Take the listing below and write it out again exactly, skipping any picture that it holds.

(Recorded information)

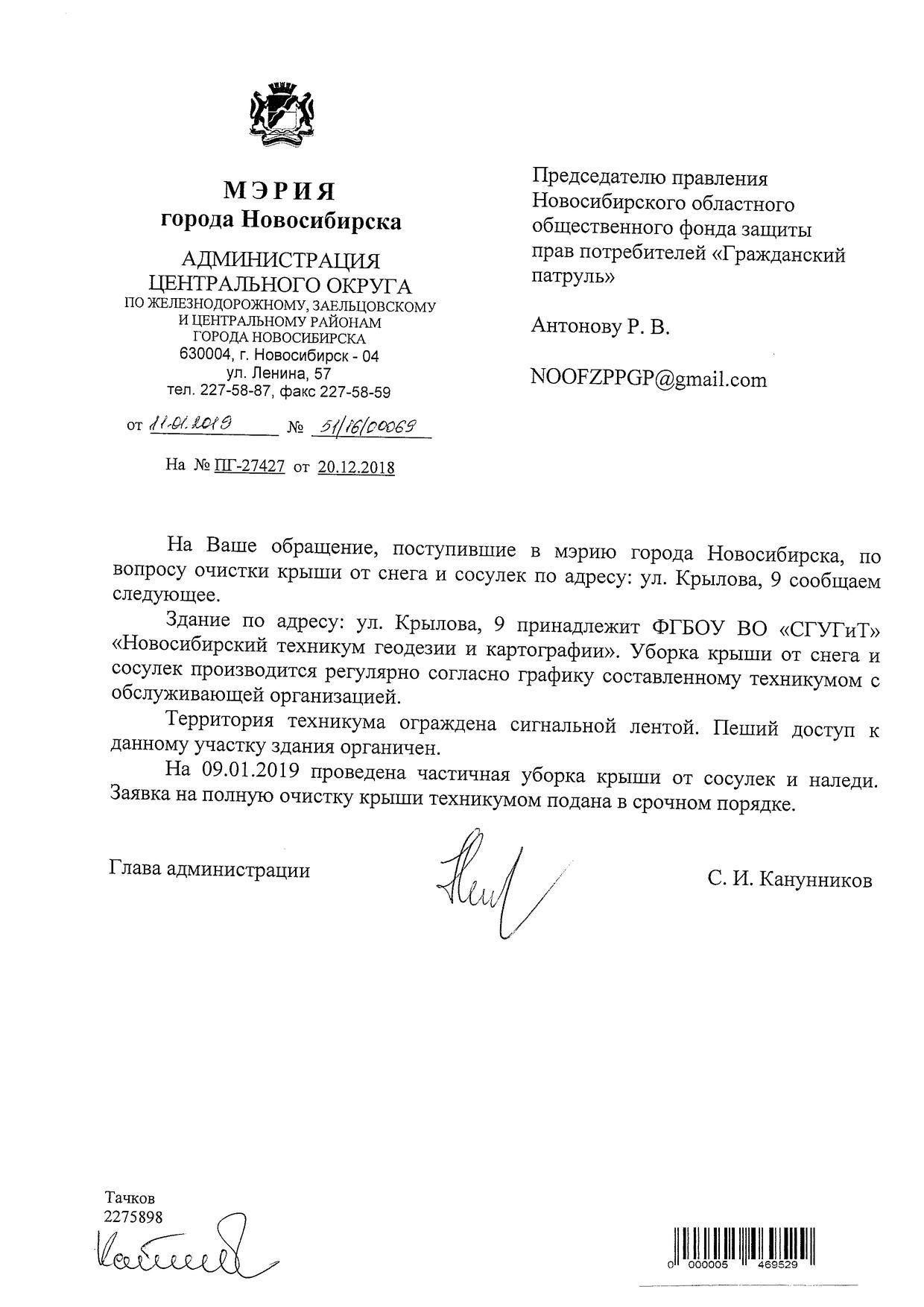 Номер жалобы:47329 Тип жалобы:Иные проблемы ЖКХ Название объекта: Регион:Новосибирская область Город:Новосибирск Адрес:улица Крылова, 5 Описание жалобы:Сосульки на крыше дома Статус:
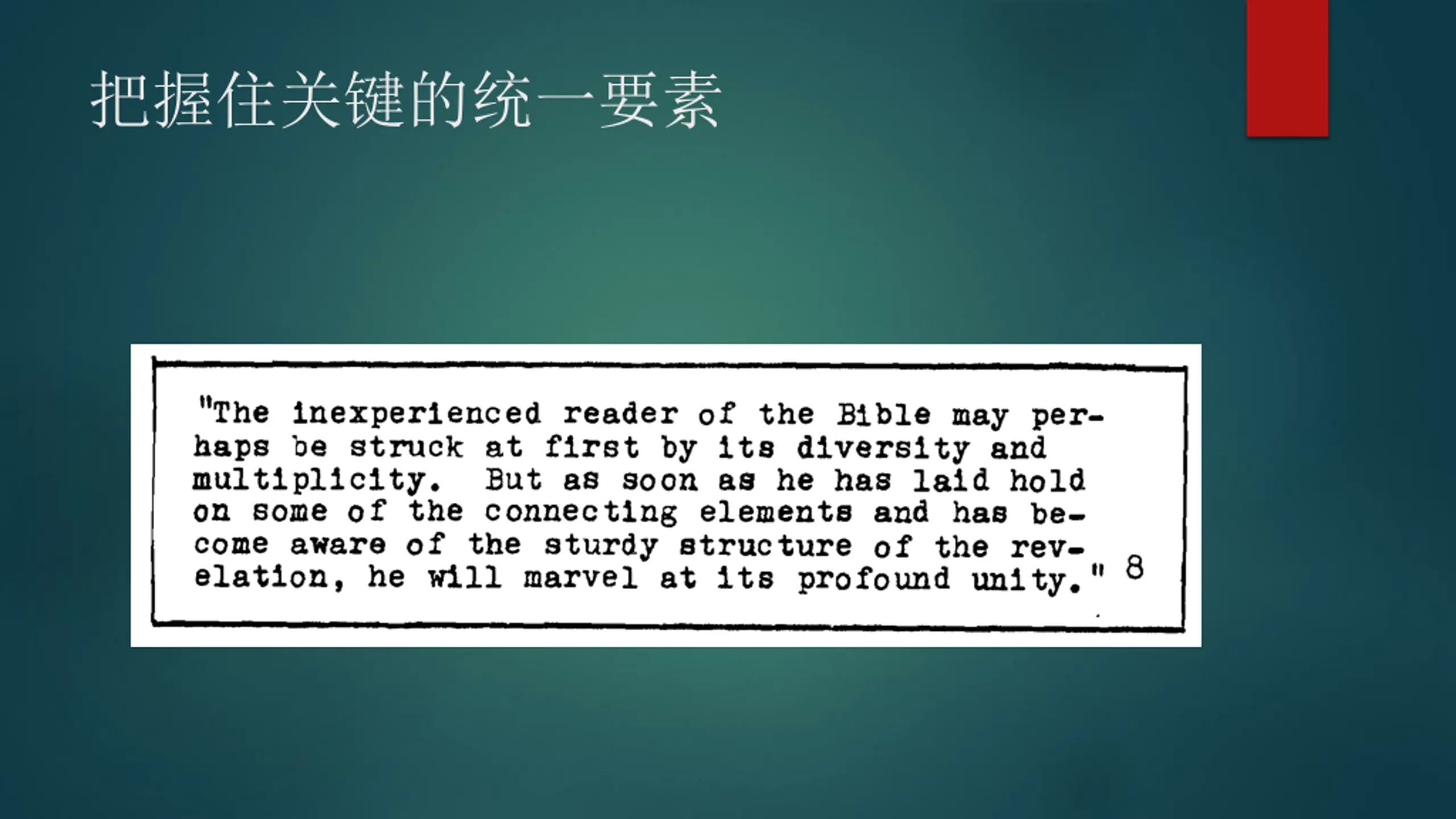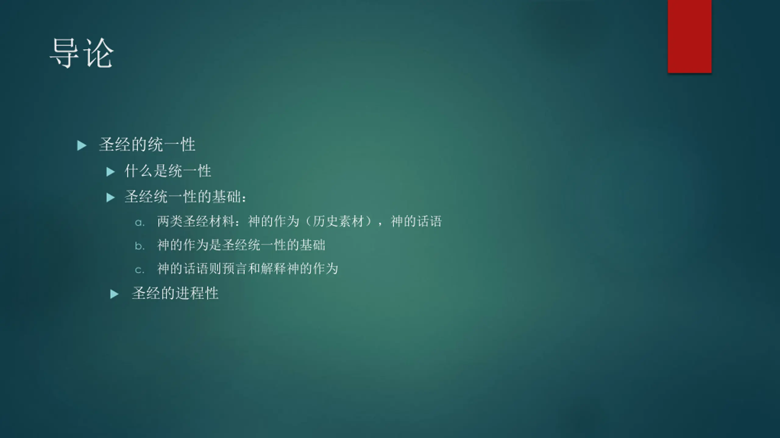 导论 圣经的统一性 什么是统一性 圣经统一性的基础: 两类圣经材料:神的作为(历史素材),神的话语 a. 神的作为是圣经统一性的基础 b. 神的话语则预言和解释神的作为 c. 圣经的进程性
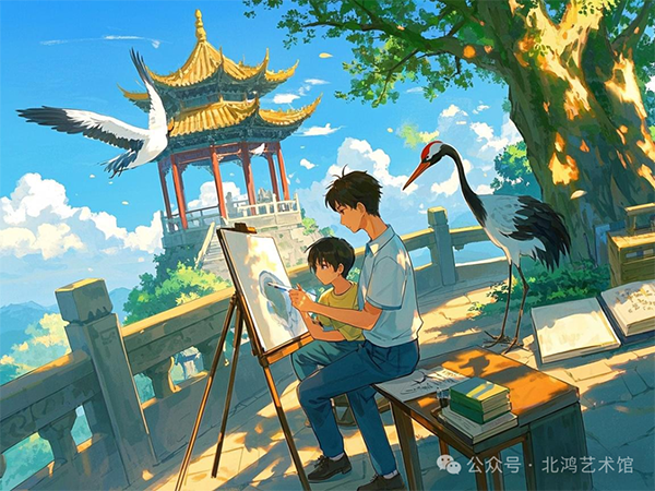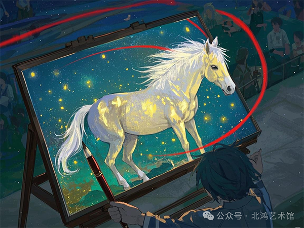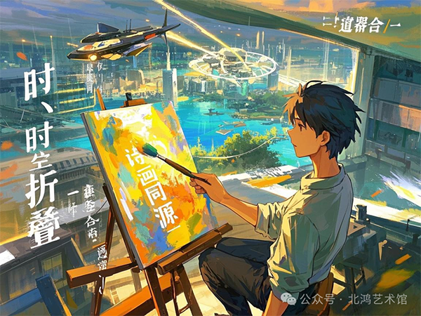 時空折疊體現(xiàn)了北鴻對傳統(tǒng)時空觀念的突破,他將不同時空的元素融合在同一畫面中,創(chuàng)造出一種獨特的藝術(shù)時空;詩畫同源強調(diào)了詩歌與繪畫之間的緊密聯(lián)系,他認為詩歌與繪畫可以相互轉(zhuǎn)化,共同表達藝術(shù)家的情感與思想;道器合一則體現(xiàn)了他對哲學與藝術(shù)關(guān)系的深刻理解,他認為藝術(shù)不僅僅是形式的表現(xiàn),更是對宇宙萬物之道的一種探索與表達。

(End Recorded information)

* Expected answer:
 Номер жалобы:47329 Тип жалобы:Иные проблемы ЖКХ Название объекта: Регион:Новосибирская область Город:Новосибирск Адрес:улица Крылова, 5 Описание жалобы:Сосульки на крыше дома Статус:
 导论 圣经的统一性 什么是统一性 圣经统一性的基础: 两类圣经材料:神的作为(历史素材),神的话语 a. 神的作为是圣经统一性的基础 b. 神的话语则预言和解释神的作为 c. 圣经的进程性
 時空折疊體現(xiàn)了北鴻對傳統(tǒng)時空觀念的突破,他將不同時空的元素融合在同一畫面中,創(chuàng)造出一種獨特的藝術(shù)時空;詩畫同源強調(diào)了詩歌與繪畫之間的緊密聯(lián)系,他認為詩歌與繪畫可以相互轉(zhuǎn)化,共同表達藝術(shù)家的情感與思想;道器合一則體現(xiàn)了他對哲學與藝術(shù)關(guān)系的深刻理解,他認為藝術(shù)不僅僅是形式的表現(xiàn),更是對宇宙萬物之道的一種探索與表達。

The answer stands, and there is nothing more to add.